Why does Embarcadero insist on combining bug fixes with new features? That’s not an “update” then; it’s a new release that has to go through all of the regular testing before deployment. If updates were just bug fix releases then IT wouldn’t have to worry about new functionality potentially introducing new bugs. None of the other major databases combine bug fixes with releases for this reason. When you combine bug fixes and new features it hinders swift adoption of updates, which isn’t a good idea if it’s security bugs that are being patched. To quote PostgreSQL for instance, “While upgrading will always contain some level of risk, PostgreSQL minor releases fix only frequently-encountered bugs, security issues, and data corruption problems to reduce the risk associated with upgrading. For minor releases, the community considers not upgrading to be riskier than upgrading.”

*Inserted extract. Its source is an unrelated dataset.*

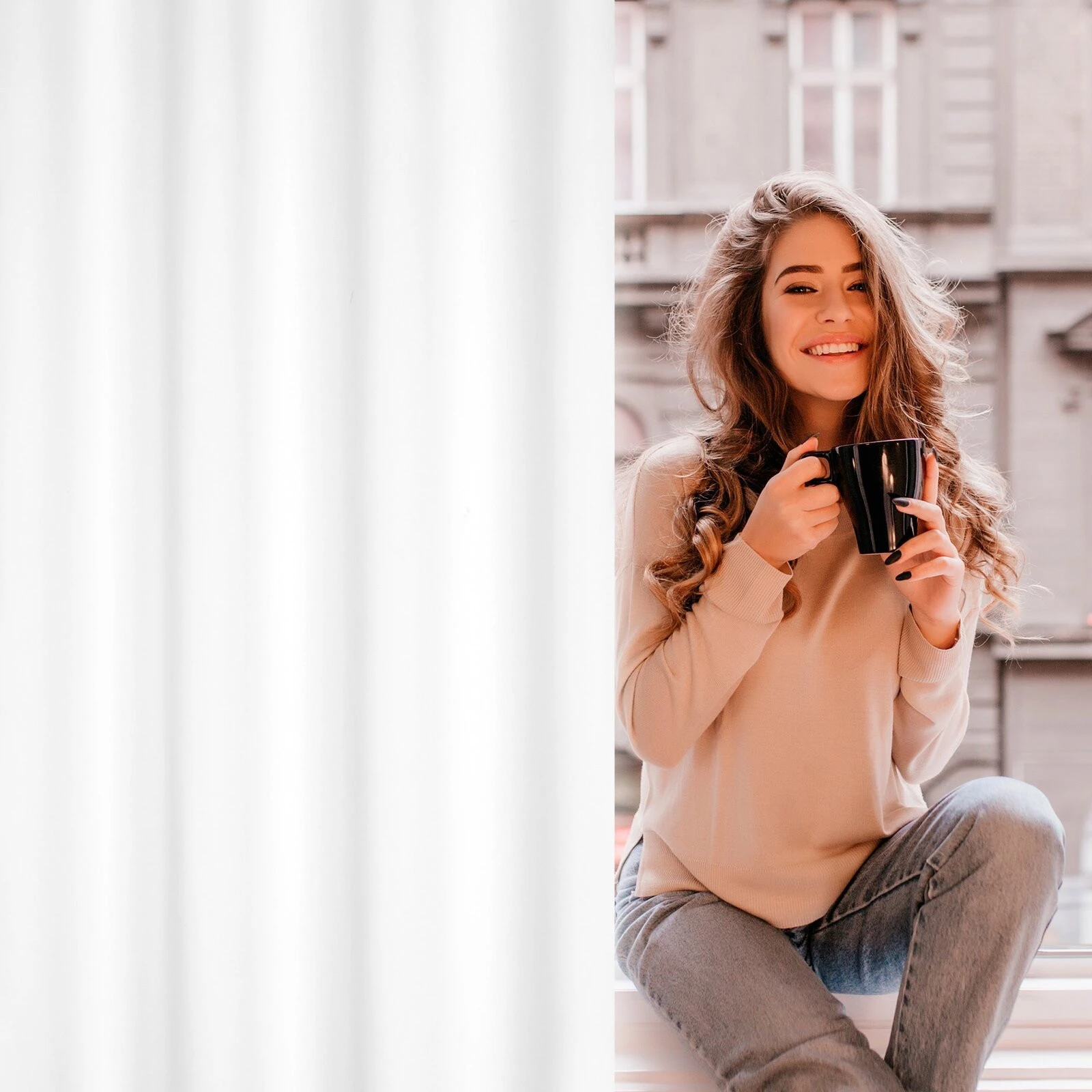 - Elegancka zasłona jednokolorowa z tkaniny o wysokim stopniu zaciemnienia. Mięsisty, matowy materiał bez dekoroacji jest uniwersalnym elementem wystroju wnętrza. szerokość: 135 cm, długość: 270 cm, kolor: biały, Gramatura: 210 GSM, Skład: 100% poliester

You need to update the system requirements page:
https://docwiki.embarcadero.com/InterBase/2020/en/System_Requirements/Prerequisites
With update 2 Interbase does not support RHEL 6 and 7
Starting ibserver on Centos 7 gives this error:
/opt/interbase/bin/ibserver: /lib64/libstdc++.so.6: version `CXXABI_1.3.9′ not found (required by /opt/interbase/bin/ibserver)
Centos 7:
#strings /lib64/libstdc++.so.6 | grep CXXABI
CXXABI_1.3
CXXABI_1.3.1
CXXABI_1.3.2
CXXABI_1.3.3
CXXABI_1.3.4
CXXABI_1.3.5
CXXABI_1.3.6
CXXABI_1.3.7
CXXABI_TM_1
Thanks for the heads-up. I’ll try and get this passed on to someone to check and update as necessary.